- Official release poster
- Directed by: Ram Narayan
- Written by: Vasudeva Murthy
- Produced by: Satish Kumar; Rama Krishna Veerapaneni;
- Starring: Altaf Hasan; Lavanya Reddy;
- Cinematography: PS Manikarnan
- Edited by: Sagar Dadi
- Music by: Ram Narayan
- Production companies: Seven Hills; Mango Mass Media;
- Distributed by: ZEE5
- Release date: 14 May 2021;
- Running time: 136 minutes
- Country: India
- Language: Telugu

= Battala Ramaswamy Biopikku =

Battala Ramaswamy Biopikku is a 2021 Indian Telugu-language comedy drama film written by Vasudeva Murthy and directed by Ram Narayan. Produced by Satish Kumar and Rama Krishna Veerapaneni under the production house as Seven Hills and Mango Mass Media production. The film stars Altaf Hasan, Lavanya Reddy, Bhadram and Satvika Jay.
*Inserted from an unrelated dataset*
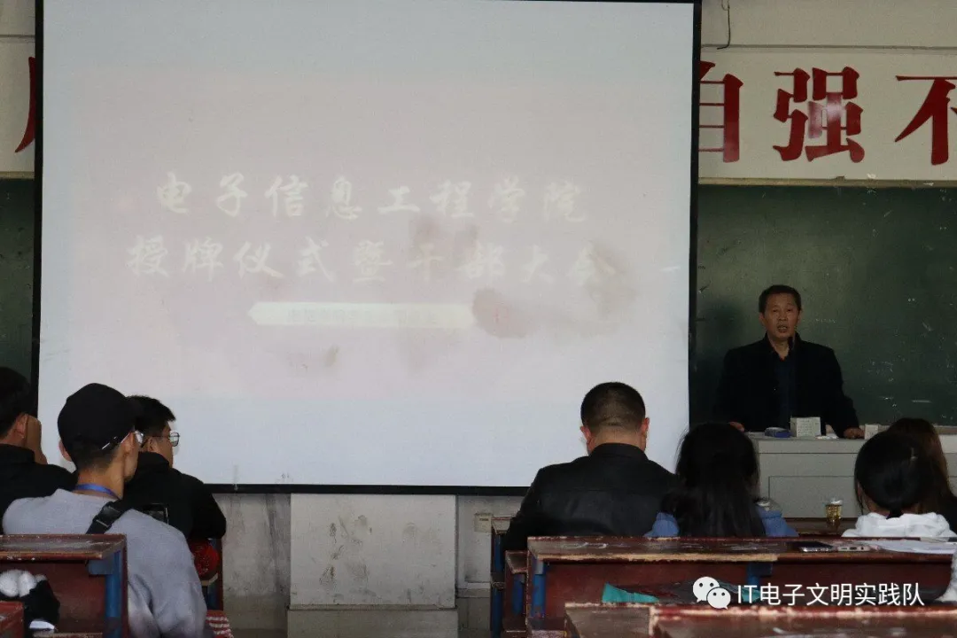 2021年10月25日午12点30分,电子信息工程学院在主教楼310举行新生干事授牌仪式暨干事大会,电信学院学生会团总支全体出席会仪,此外,电信学院院长刘罗仁、学工副院长邓明亮、学工干事林莎老师以及各辅导员老师受邀出席。会议由学生会主席王滔和团总支副书记田晓芳共同主持。
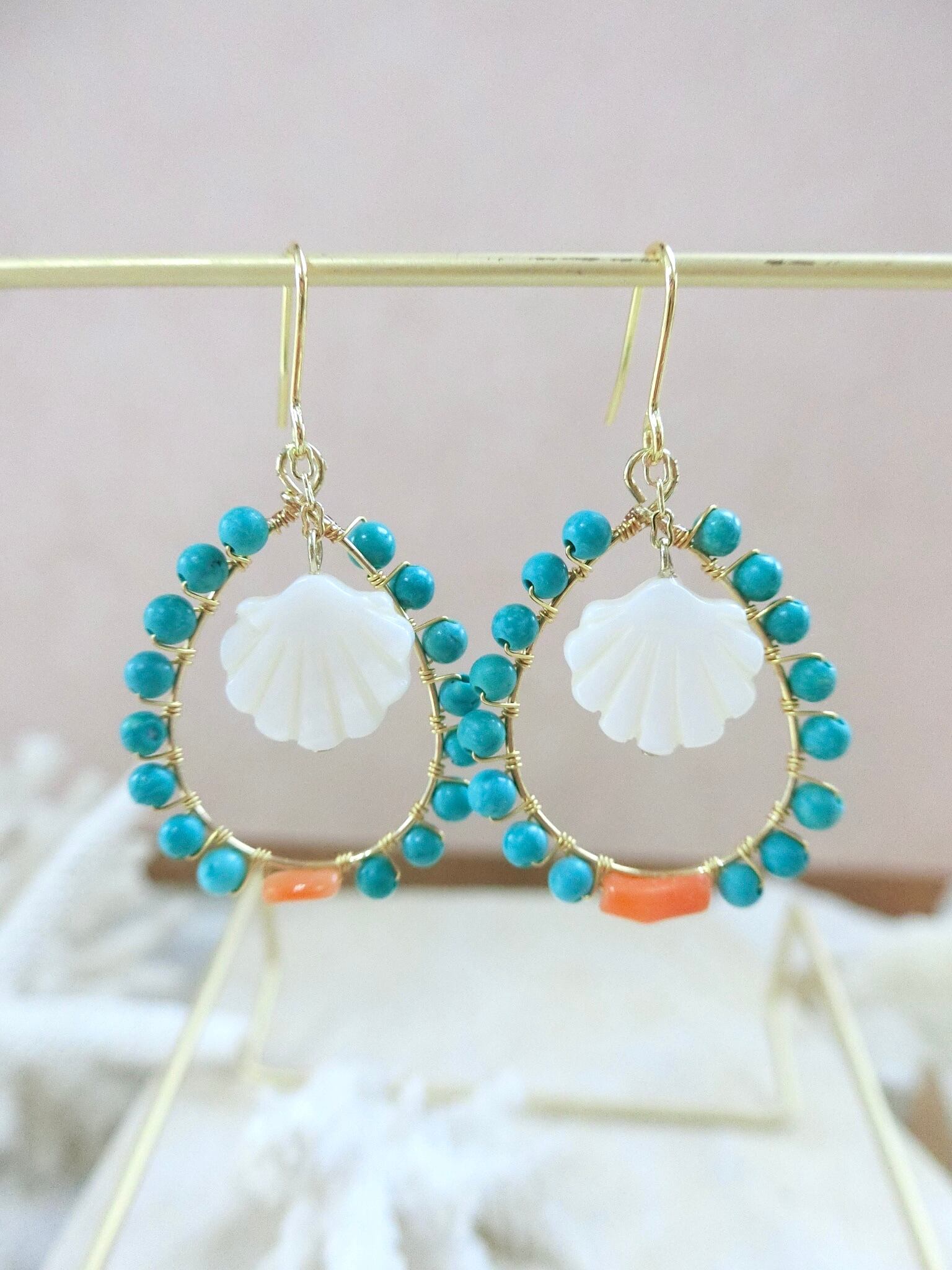 ドロップをぐるっと一周ターコイズ と珊瑚で囲った中に、シェル素材のシェルがポイントに揺れるピアスです⭐︎

The film released through direct-to-video on ZEE5 on 14 May 2021.

== Plot ==
Ramaswamy is a kind and a true gentleman with two ambitions: one is to have only a single wife just like Lord Rama and the second is to set up a saree business. Ramaswamy marries the love of his life Jayaprada who sells pearl jewellery. She helps Ramaswamy start his saree business by pawning her gold necklace. Due to unavoidable situations, Ramaswamy marries two other women Jayasudha & Sridevi. Ramaswamy then faces many problems due to differences among his three wives and the debts left behind by his father.

== Cast ==

- Altaf Hasan as Battala Ramaswami
- Shanthi Rao as Jayaprada
- Lavanya Reddy as Jayasudha
- Satvika Jay as Sridevi
- Bhadram as Kasta Anarkali Baba; friend
- Siri Chandana

== Production ==
Principal photography of the film ended in December 2020. The filmmaker released its teaser in February 2021 along with lyrical and video songs. The film was announced on 4 May 2021 by releasing a teaser.

== Release ==
Due to the COVID-19 situation and later its full-length movie leak, the filmmaker has decided to release the film digitally. It was released on ZEE5 on 14 May 2021.

== Reception ==
Murali Krishna CH of Cinema Express gave 1.5 of 5 stars stating that this supposed 'biopic' leaves you yawning. The Times of India critic Sravan Vanaparthy rated the film 2/5, writing "Battala Ramaswamy Biopokku has a story that’s outdated and the execution tests one’s patience. It also faces issues with continuity, direction and screenplay." Rentala Jayadeva in his review for Sakshi appreciated the lead actor's performance while criticizing the screenplay and pacing in the second-half.